If you set up an incremental key, the queries to the source system search only for new records and records that have been updated since the last import. The data loads are faster and take less Data Lake storage space.
The table from which you load data incrementally must have an identity column. For example, RecordID. That column contains unique numbers that are generated automatically when new records are inserted into a table.
For example, you can create an export table (CA_FactCoffeeAdventure_export) with this structure:
RecordID | ID | Calendar | Adventurer | Coffee | Measure | Value | ModifyDate | ToDelete | InsertDate |
---|---|---|---|---|---|---|---|---|---|
1 | 20210101 101 101 Quantity | 20210101 | 101 | 101 | Quantity | 1 | 01 02 2021 22:53 | 0 | 16 02 2021 17:47 |
2 | 20210102 101 102 Quantity | 20210102 | 101 | 102 | Quantity | 2 | 01 02 2021 22:53 | 0 | 16 02 2021 17:47 |
3 | 20210101 102 103 Quantity | 20210101 | 102 | 103 | Quantity | 2 | 01 02 2021 22:53 | 0 | 16 02 2021 17:47 |
4 | 20210103 102 104 Quantity | 20210103 | 102 | 104 | Quantity | 3 | 01 02 2021 22:53 | 0 | 16 02 2021 17:47 |
5 | 20210102 103 105 Quantity | 20210102 | 103 | 104 | Quantity | 5 | 01 02 2021 22:53 | 0 | 16 02 2021 17:47 |
6 | 20210103 103 300 Quantity | 20210103 | 103 | 300 | Quantity | 3 | 01 02 2021 22:53 | 0 | 16 02 2021 17:47 |
To take all records with a modified date that is later than the last export time stamp and to insert those records into export tables, you can write this procedure, for example:
CREATE PROCEDURE [dbo].[pr_CA_FactCoffeeAdventure_export]
AS
BEGIN
SET NOCOUNT ON;
-- Define last export date and time of the start of the procedure
DECLARE @PreviousExportDate datetime
DECLARE @CurrentExportDate datetime
SET @PreviousExportDate = COALESCE((SELECT MAX([ExportDate]) FROM [dbo].[table_exports_timestemps] WHERE [TableName] = 'CA_FactCoffeeAdventure'),'01/01/1900')

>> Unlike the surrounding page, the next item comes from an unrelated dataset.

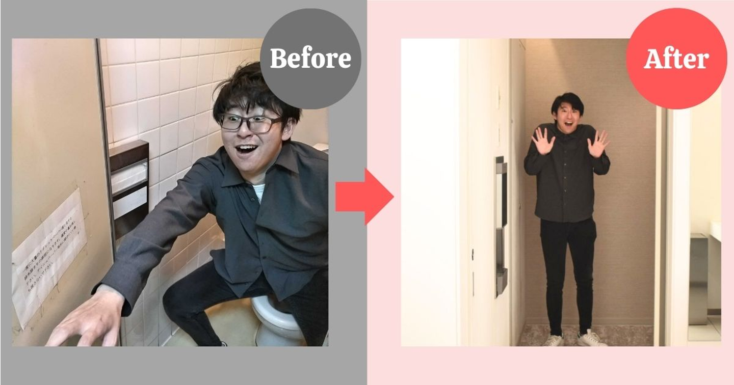 ▼トイレの個室が狭い…狭すぎる(泣)。でも新オフィスはトイレもキレイで広々!!

SET @CurrentExportDate = GETDATE();
-- Inserting data modified since the last insert.
BEGIN
INSERT INTO [dbo].[CA_FactCoffeeAdventure_export]
(ID
,[Calendar]
,[Adventurer]
,[Coffee]
,[Measure]
,[Value]
,[ModifyDate]
,[ToDelete]
)
SELECT CONVERT(varchar(8),Calendar) + '_' + CONVERT(varchar(8),Adventurer) + '_' + CONVERT(varchar(8),Coffee) + '_' + Measure
,[Calendar]
,[Adventurer]
,[Coffee]
,[Measure]
,[Value]
,[ModifyDate]
,[ToDelete]
FROM [dbo].[CA_FactCoffeeAdventure]
WHERE [ModifyDate] > @PreviousExportDate
AND [ModifyDate] <= @CurrentExportDate
END
-- Logging the current export
BEGIN
INSERT INTO [dbo].[table_exports_timestemps]
([TableName]
,[ExportDate])
VALUES
('CA_FactCoffeeAdventure'
,@CurrentExportDate)
END
END
GO
See Knowledge Base Article 2235440 on the Infor Support Portal. The article contains files that support this example. That is, the entire script to create tables and procedures and an Excel sheet with the data set on which the example is based.